Peter Robinson: Okay, last question first John, and then Kevin. And it's the same question to both of you. We are seated at the Hoover Institution, which in turn is in the middle of a great university, young as Kevin is, he still remembers the eighties. You and I actually lived through it, old as we are, a freshman who just arrived on the Stanford University campus at the age of 18 was born after Ronald Reagan died, was born after the Berlin Wall fell, has no memory of what we're talking about. Can you give me the tightest statement you can on what this rising generation, I'm talking about Stanford, but of course all college kids. All kids, what the rising generation of Americans needs to grasp about what we need to do to promote economic growth again, John.

John Cogan: Well, Peter, I would go back to I guess what I said at the beginning, the four institutional arrangements that are essential for getting a rising standard of living. And by the way, when we say rising standard of livings, we mean more than just wealth.
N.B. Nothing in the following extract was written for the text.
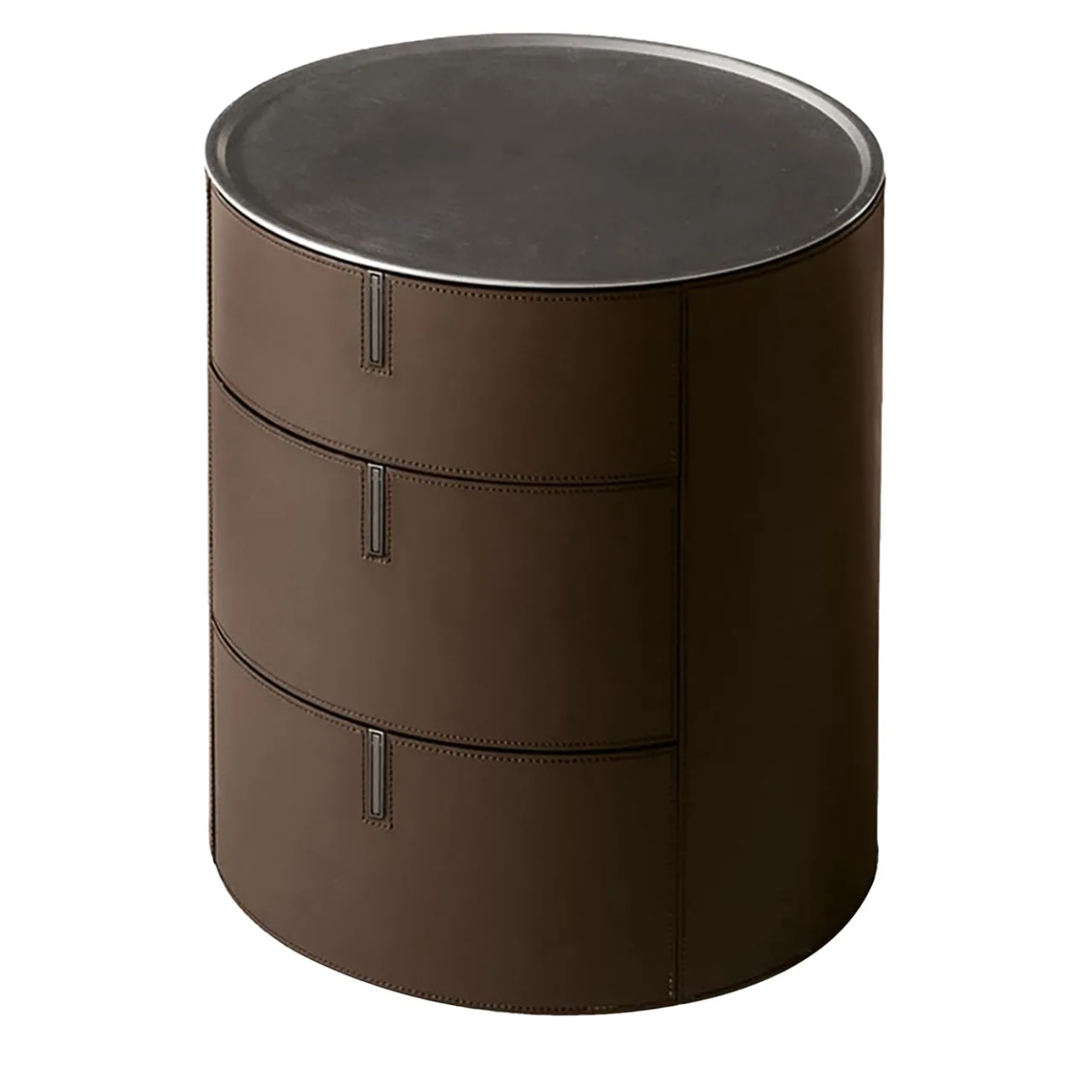 Questo comodino presenta una struttura in MDF piegata a vapore, rivestita in pelle con cuciture decorative. Ognuno dei tre cassetti scorre senza fatica su guide metalliche, con frontali rivestiti in pelle e impreziositi da cuciture decorative. Completano il suo fascino le eleganti maniglie in metallo e la scelta di vassoi in acciaio nelle finiture peltrox, bronzo, titanio o champagne. Disegnato da Giuseppe Bavuso, questo pezzo aggiunge un tocco di giocosa eleganza a qualsiasi camera da letto.

We mean the quality of life, your health, safe neighborhoods and so forth, the way.

Peter Robinson: Decent schools.

John Cogan: Decent schools, the way you get to that is by building your policies on these four institutional arrangements, private property, the rule of law, free and competitive markets and limited government. You get those four institutional arrangements as the foundation of your policies and apply the framework that we have that is look at their effects, look at the policies effects on the three essential ingredients of any economy, ideas, individuals and institutions. And you will get a set of policies that will cause a great turnaround in the American economy. And I think a prospect for tremendous non-inflationary growth in the economy and in our standards of living generally considered.

Peter Robinson: Kevin closing statement to 18 year olds.

Kevin Warsh: So I hope when he arrives at campuses like this from the leadership of the institution, he hears something that says, what matters most around here is what do you think? We also care about how you feel about things. But the university is about a search for truth. And what we're going to try to do in your next four years is expose you to the best that's been written and said. And at the end of that, we're not going to tell you what you have to believe. We're gonna let you pursue your own preferences and talents. And this will in fact be a safe place where you can fight about those ideas. And if we create that culture that I'm every bit as optimistic as John, the 21st century will be the American century again. And this will not be a century of managed decline where we hide and run away.

Peter Robinson: John Cogan and Kevin Warsh of the Hoover Institution, authors of "Reinvigorating Economic Governance." Thank you.

John Cogan: Thank you, Peter.

Kevin Warsh: Thanks, Peter.

Peter Robinson: For Uncommon Knowledge and the Hoover Institution, I'm Peter Robinson.